Sambil menikmati segelas kopi, ia mengamati layar ponsel yang tidak lepas dari tangannya. "Biasanya jam segini banyak orang kantoran yang pesan ojek, HP (ponsel) harus on terus," kata pria bernama Syarif itu, Rabu (10/6/2015).
Syarif belum genap 1 bulan menjadi pengendara ojek berbasis aplikasi mobile bernama Go-Jek di Jakarta. Sebelumnya, ia adalah seorang tukang ojek konvensional yang biasa mangkal di kawasan dekat rumahnya di Fatmawati.

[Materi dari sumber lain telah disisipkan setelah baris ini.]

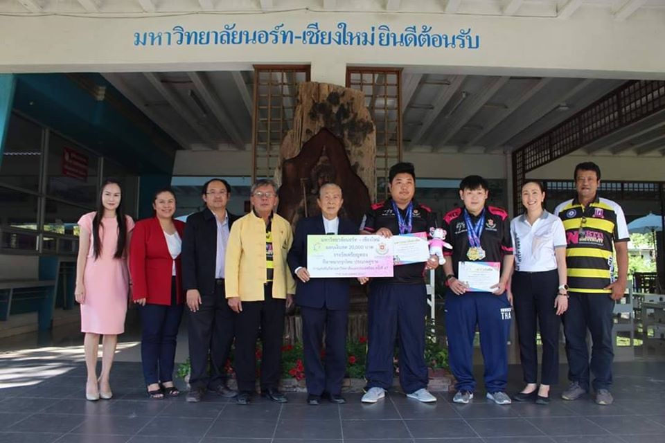 หน้าแรก >> อาจารย์ณรงค์ ชวสินธุ์ อธิการบดี มหาวิทยาลัยนอร์ท-เชียงใหม่ ร่วมแสดงความชื่นชมยินดี และมอบรางวัลให้กับ ทีมนักกีฬาหมากกระดาน

Meski belum 1 bulan, Syarif mengaku sudah kerasan bekerja sebagai tukang ojek panggilan berbasis seluler.
"Enak, tidak perlu rebutan pelanggan. Biasanya kalau pangkalan kan kalau enggak antri ngojek ya rebutan penumpang. Ini beda, kita dapet pesanan, ada yang order kita ambil," sebut Syarif yang sudah 5 tahun menjadi tukang ojek pangkalan.
Kehidupan lebih baik
Dalam sehari, order yang diterima Syarif terbilang lebih banyak dibanding saat menjadi ojek konvensional. Dengan orderan lebih banyak, dompetnya pun makin tebal. Pria yang pernah bekerja sebagai satpam di kompleks perumahan itu juga merasa kehidupannya lebih baik.
Senada dengan Syarif, Tinus juga merasa lebih enak setelah bergabung dengan Go-jek. Waktunya tidak terbuang hanya untuk mangkal. Ia pun bisa mengatur waktu untuk bersama keluarga.

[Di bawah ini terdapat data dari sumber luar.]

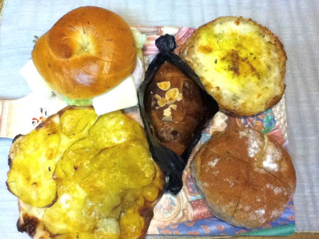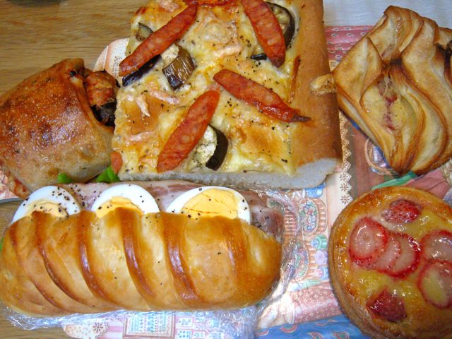 この日のパンは右下から時計回りに、イチゴのクロワッサン、ヴィエノワのサンドイッチ、トラディショナル(ドライトマト、オリーブ)、ナスとチョリソーのフォカッチャピザ、クロワッサン・オー・フリュイ(フルーツのクロワッサン)でした。

"Dulu kalau dipikir-pikir lebih banyak mangkalnya daripada nariknya. Kalau sekarang begitu pagi udah ada yang mesen buat diantar ke kantornya," kata Tinus.
Sekitar pukul 13.00 ia pun bisa pulang untuk makan siang, kecuali ada yang memesan layanan ojek. "Sampai jam 8 malam. Jam 9 saya stop buat jemput anak saya pulang kerja," tutur Tinus yang banyak beroperasi di kawasan Setiabudi hingga Blok M.
Dianggap ancaman
Meski nyaman dengan konsep ojek panggilan yang sedang populer di Ibu Kota, para tukang ojek ini tidak lepas dari momen-momen tidak mengenakkan saat "narik".

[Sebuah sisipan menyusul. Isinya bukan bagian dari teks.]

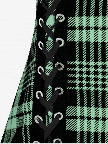 Plus Size & Curve Lace Up Full Zipper Plaid Tank Top - Light Green - 4x | Us 26-28
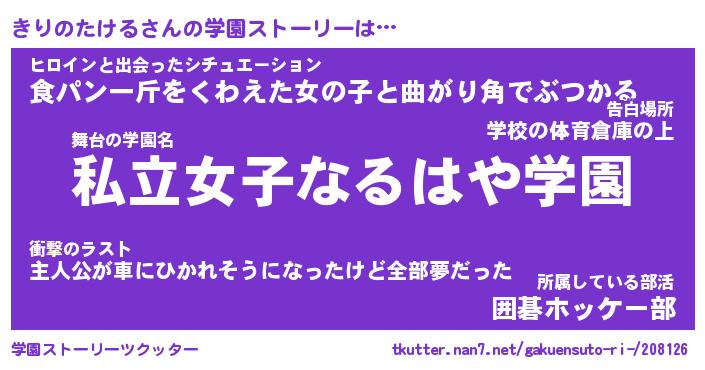 | 告白場所 先生の家の上 …「ふぃぎゅこ」 | 2月17日 06:24 |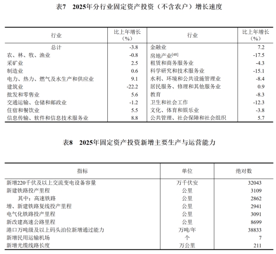 [20]由于投资统计制度方法改革、统计执法检查等因素,2025年固定资产投资相关指标增速按可比口径计算。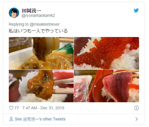 「之前在推特上看到『帶著下飯配菜』的白飯會覺得羨慕,於是也在我家舉辦。明太子跟鮭魚鬆超好吃。真是太犯規了。」

Syarif dan Tinus mengungkapkan beberapa kali pernah berselisih tukang ojek konvensional yang berada di daerah penumpang yang memesan jasa ojek panggilan dari mereka.
"Pernah waktu itu nganter makanan dari Rasuna Said ke Tebet abis nganter ke kompleks rumah, distopin sama tukang ojek pangkalan pas lewat pangkalan mereka. Mereka nanya dari mana mau ke mana kok lewat sana," ungkap Tinus.
Pengalaman Syarif lebih tidak mengenakkan. Ia pernah tidak mendapat tempat berhenti di Stasiun Kebayoran. Tukang-tukang ojek yang biasa mangkal di tempat itu tidak menghalanginya mengambil penumpang yang baru turun dari kereta api.